Он потрогал её. Она стала какой-то жесткой, ручки не разжимались, головка не поворачивалась. Маленький ротик был перекошен в безмолвном плаче. Страшное подобие улыбки.
Мальчик еще не понимал, что такое смерть. Он часто видел её.
В квартале Ситé она была привычным гостем, почти завсегдатаем. Мальчик видел умерших детей, замершего в грязи пьяницу, раздавленных колесами собак.
Но он был далек по детскому своему невежеству от осознания трагизма и непоправимости случившегося, от постижения такого мрачного и величественного явления, как смерть.
Поэтому он не понимал, почему его сестра вдруг превратилась в жесткую синюшную куклу. Может быть, он должен её согреть? Мальчик лег на дощатый пол и свернулся калачиком, а девочку прижал к груди, так чтобы все его тщедушное тельце обратилось в источник тепла, и снова уснул.
Проснулся от шлепка матери. Та вдруг взвизгнула, выхватила остывший сверток из его рук и бросилась, причитая, к очагу. Мальчик так и сидел за дверью, слушая бормотание матери.
Он надеялся, что вслед за этим раздастся знакомый голодный писк младенца, но услышал только всхлипы матери.

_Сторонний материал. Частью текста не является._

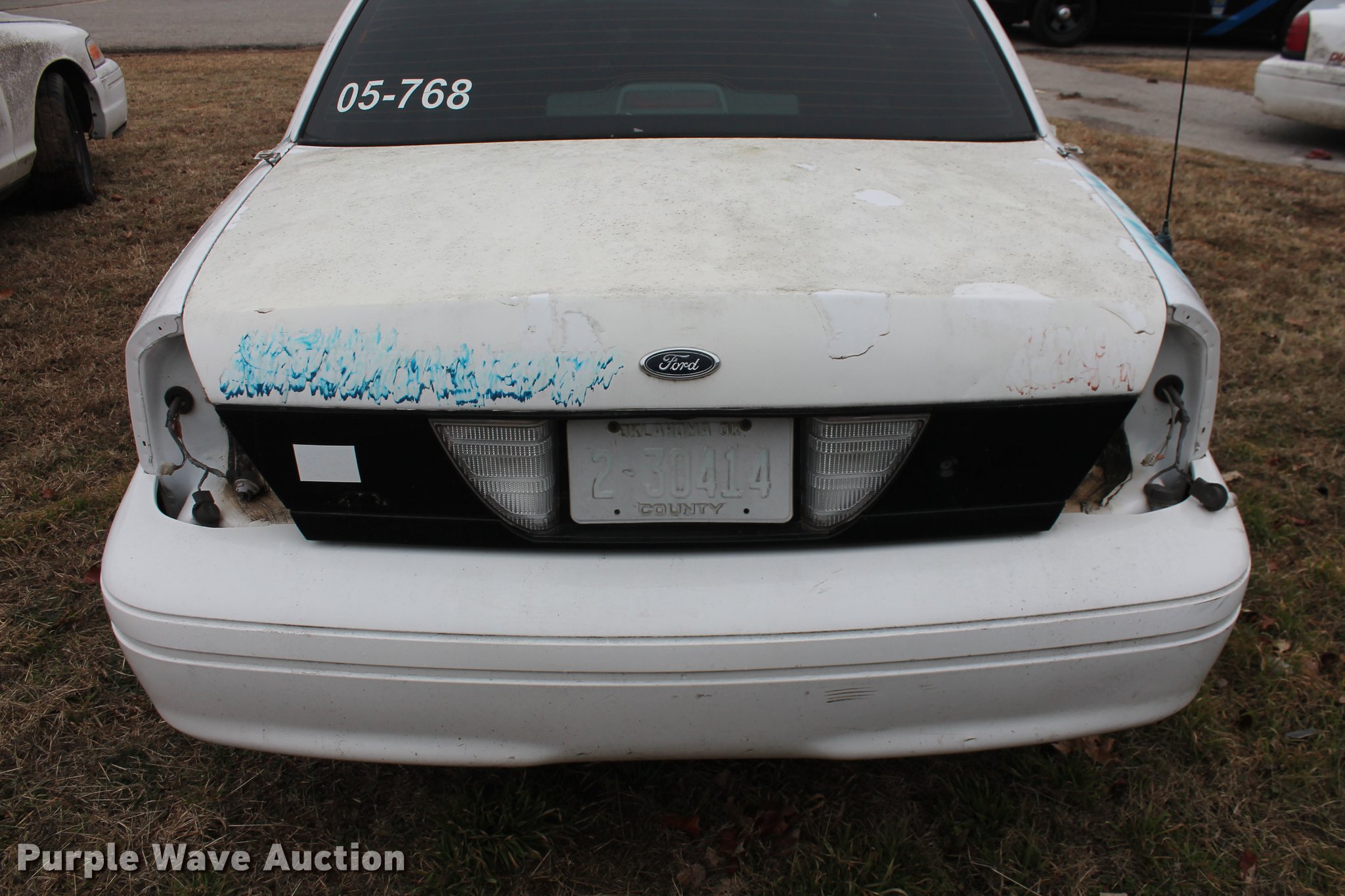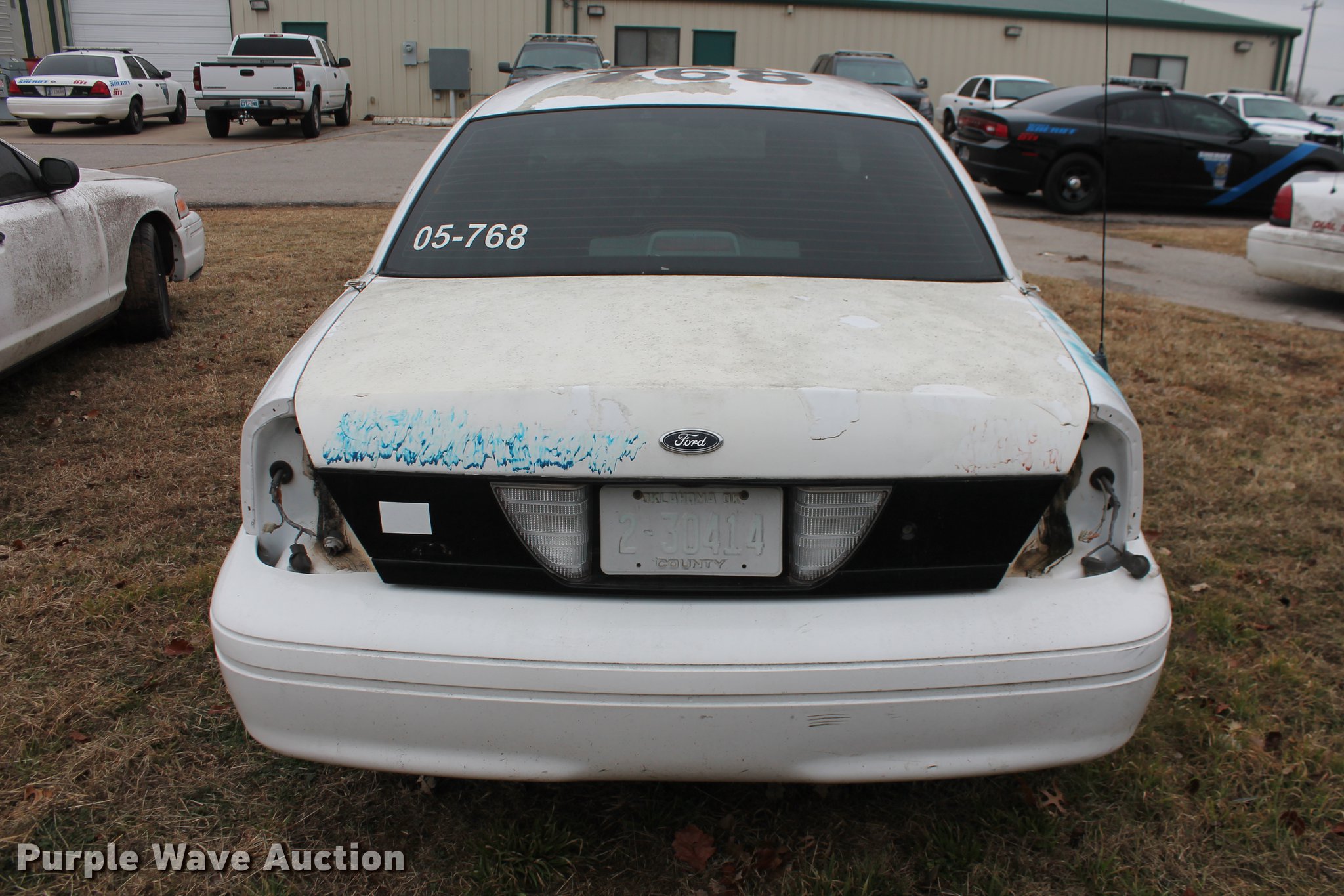 Purple Wave is selling a used Passenger Vehicle in Oklahoma. This item is a 2005 Ford Crown Victoria Police Interceptor with the following: 235,095 miles on odometer, 4.6L V8 SOHC 16V gas engine, Automatic transmission, AC and heat, Tilt, Cruise, AM/FM, Power windows, locks, and mirrors, Cloth interior, P225/60R16 tires, Unknown running condition, Engine issues, will not fire, Battery weak, Check engine light on, Emergency lighting, sirens, decals and associated equipment will be removed prior to auction., Unit# 05-768

Потом приходил толстый монах и бормотал что-то на непонятном языке.
Мальчик видел, как мать отсчитывала медяки из передника. Бочар принес грубо сколоченный ящик, куда мать положила замолчавшую девочку.
Мальчик недоумевал. Зачем они кладут её в этот ящик? Она же там задохнется. Он хотел подкрасться и сдернуть крышку.

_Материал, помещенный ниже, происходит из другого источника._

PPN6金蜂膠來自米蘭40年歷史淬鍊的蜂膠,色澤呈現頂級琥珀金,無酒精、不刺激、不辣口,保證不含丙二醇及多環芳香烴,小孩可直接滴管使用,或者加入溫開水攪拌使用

Но кроме матери в комнате остались какие-то старухи. Они бормотали и бормотали, издавали жалобные вопли, а Максимилиан всё ждал, когда они уйдут, чтобы наполнить рожок согретым молоком. Если она голодна, то почему не плачет?
Потом бочар унес ящик, Максимилиан бросился было следом, дергая мать за юбку, но та его отпихнула.
Соседский мальчишка, года на три старше, сказал, что пискля уже в земле, её закопали.
Максим был оглушен. Земля, черная, тяжелая, склизкая. Как это — в земле? Как её могли закопать?
А старший мальчишка сказал, что покойников всегда закапывают, и на Кладбище Невинноубиенных их тьма тьмущая.
Максимилиан не поверил. В детстве самые устрашающие истины приравниваются к тёмным фантазиям, к легендам и сказкам, которые приглушенным шепотом дети пересказывают друг другу в ночной тишине.
Эти фантазии они слышат от своих матерей, бабушек, кормилиц, старших сестёр и братьев, а те, в свою очередь, слышали их от других сказителей, от паломников, бредущих в Палестину, от уличных циркачей, танцующих на площадях, от торговцев, вернувшихся из Нового света, а то и вовсе от праздных бездельников, что таким нехитрым манером зарабатывают на кусок хлеба.
Мальчик тоже слышал эти легенды, о призраках, о ведьмах, о повешенных, о Жиле де Рэ, пожирателе детей, и о дьяволе, играющем в кости на христианские души.
Мальчик замирал от ужаса. Ему слышались потусторонние голоса, звон призрачных цепей, он видел рыжую бороду кровавого Жиля и прятался от бледных и цепких рук.
Он боялся, но в то же время знал о зыбкой мифической подоплеке всех этих отвратительных персонажей. О них только рассказывали, но никто их не видел. И сам страх, который он испытывал, был какой-то надуманный, сладкий.
Детское воображение, как и сам ребенок, нуждается в пище. Воображению необходимо кого-то помещать в самодельные картинки, населять свой пустынный мир героями, иначе сам разум остановит свое движение и замрет в первозданной младенческой простоте.
Воображение — это инструмент и наставник разума, его грифельная доска, и он испещряет эту доску подсказанными извне, иногда уродливым знаками.
У Максимилиана уже немало запечатлелось на этой доске, но отделить зримое и осязаемое от выдумки он пока не умел.
По этой причине известие, что Аделину закопали в мокрую, черную землю, оказалось рядом с гуляющим висельником с Монфокона и черноруким покойником, который бродит под мостом Менял, выслеживая прохожих.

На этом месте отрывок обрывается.